Woodward wants reporter to apologize for questioning decision to withhold Trump coronavirus comments

Veteran reporter Bob Woodward seemed unhappy after a healthcare reporter questioned his decision not to disclose President Trump’s comments about the coronavirus in public months before his new book, Rage, was released.

Woodward demanded an apology from Shira Stein, a Bloomberg reporter covering the Department of Health and Human Services, on Friday at the Investigative Reporters and Editors conference after she asked him whom he consulted before deciding not to come forward with the tape of the president saying he “wanted to always play [the coronavirus] down.”

“Who did you consult with when you decided that what Trump said in January about COVID-19 wasn’t worth reporting?” she asked him. “Did any of them say you should publish it, and what was your justification for not doing so? As a healthcare reporter, you were wrong. We knew back then that this virus was spread by aerosol and was deadlier than the flu. You didn’t need to know where Trump got that information to know it was newsworthy.”
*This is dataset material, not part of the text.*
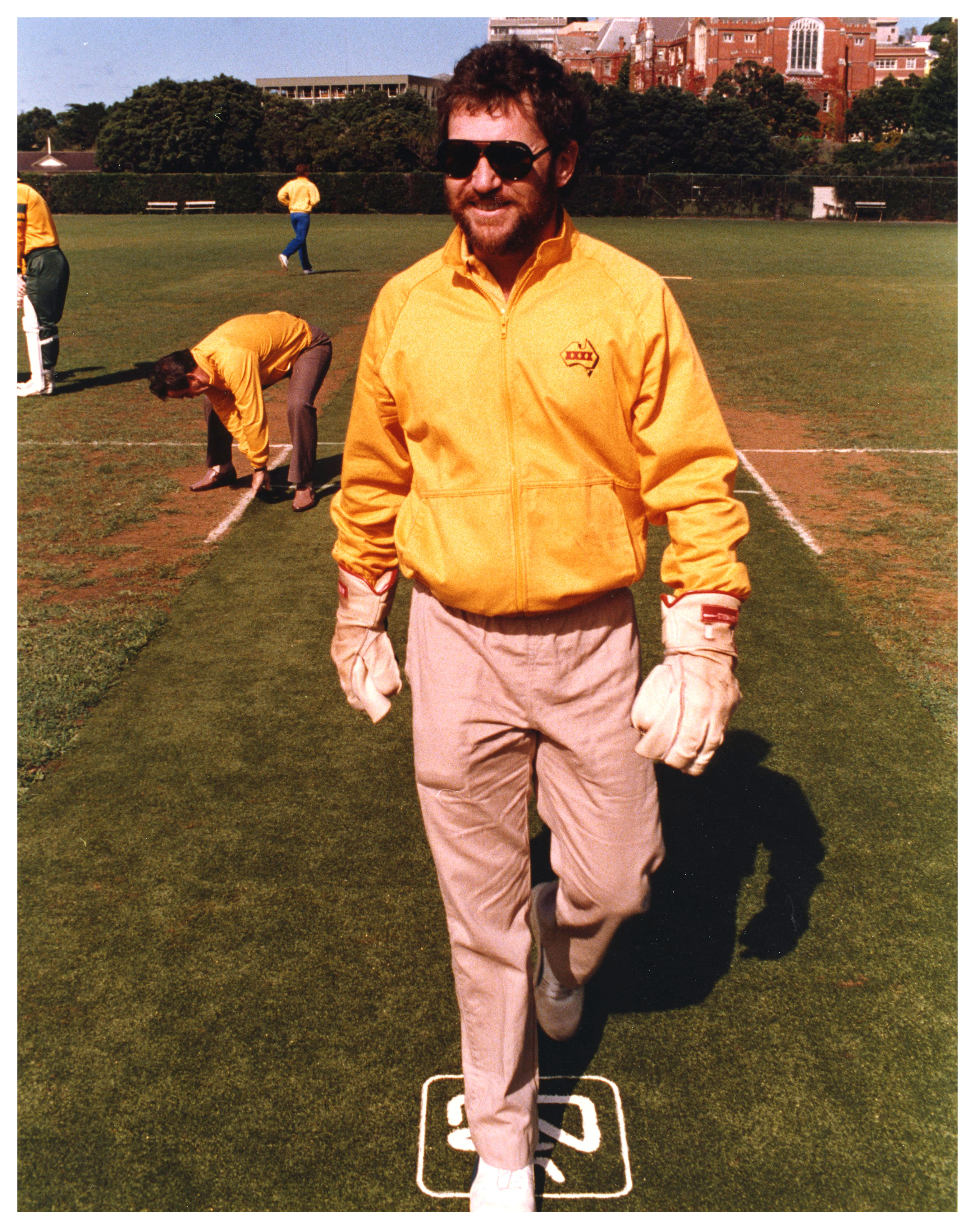 In 1986 a group of Australian Cricket stars visited Victoria University in Wellington to promote the installation of an artificial cricket pitch at Kelburn Park. The park is owned by Wellington City Council but has been the home of Victoria University Cricket Club since 1906. The stars were Allan Border, Craig McDermott, Bruce Reid and Geoff Marsh. We assume that the pitch was sponsored by New Zealand Post as there are images of the pitch with the New Zealand Post logo applied. Pictured here we have Allan Border. Allan Border played 156 tests and 273 ODI’s for Australia. He made his last international appearance in 1994 This image is from a series of photos transferred by New Zealand Post to Archives New Zealand. The collection was part of the Post Office Museum and Archives. This image and other items from the series can be seen in the Wellington Reading Room of Archives New Zealand. For further enquiries please File Reference: AAME 8106 W5603 125 11/10/111 Throughout the Cricket World Cup 2015, Archives New Zealand will be highlighting a selection of cricket related records which are found in our holdings. For further updates on our cricket posts and other streams follow us on Twitter Material from Archives New Zealand

“I guess you didn’t cover when we dealt with this earlier. I urge you to read the book, and then, you can send me an apology because I was not wrong. […] I thought he was talking about China,” Woodward fired back. “It was in May that I learned he was talking about the U.S. […] You don’t understand the circumstances.”

The journalist, who is most known for his reporting on the Watergate scandal, offered to send the reporter a copy of the book and said that she would “understand” once she read it.

Rage, which is the top book on New York Times’s best-sellers, included never-before-released anecdotes about North Korean leader Kim Jong Un’s letters to Trump, former Director of National Intelligence Dan Coats fearing that Russian President Vladimir Putin had dirt on Trump, and other details about the Trump presidency.